FRANKFORT, Ky. (AP) - The Kentucky Supreme Court cleared the way
Thursday for the execution of a child killer who asked to be put to
death so that delays would not "drag out the misery" for himself
and his victims' families.

Marco Allen Chapman, 36, could be put to death as early as next month if no further appeals are filed. The court issued only a brief order to set the execution in motion and did not explain its reasoning.

Chapman filed an affidavit last year asking that public defenders not be allowed to file additional appeals because he wants to be executed for the murders of 6-year-old Cody Sharon and 7-year-old Chelbi Sharon in the northern Kentucky town of Warsaw in
August 2002.

His defense attorneys called his request for a speedy execution
"suicide by court," and argued that his wish to waive appeals showed he was not competent. They have been pushing for another competency hearing.
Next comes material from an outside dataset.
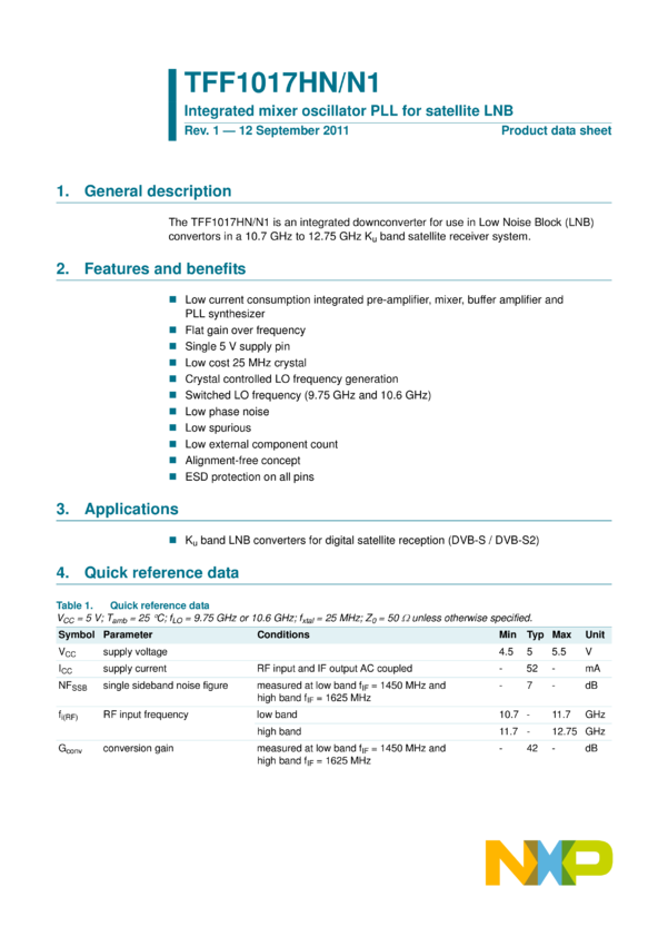 TFF1017HN Integrated mixer oscillator PLL for satellite LNB

Defense attorney John Palombi, one of a team of lawyers who have
been trying to stop the execution, said Chapman has been unwilling
to authorize pleadings in his case. He said he doesn't know what
the next step will be for the defense team.

"I really don't even want to predict," Palombi said.

The Supreme Court had previously rejected arguments made by
Chapman's defense team that his guilty plea amounted to
state-assisted suicide.
Shelley Catharine Johnson, spokeswoman for the Kentucky attorney general's office, had no immediate comment on the Supreme Court's order. Under state law, the execution would go forward on Nov. 21.

The trial judge, Tony Frohlich, said at the time Chapman asked to die that he could find no legal reason not to grant the request.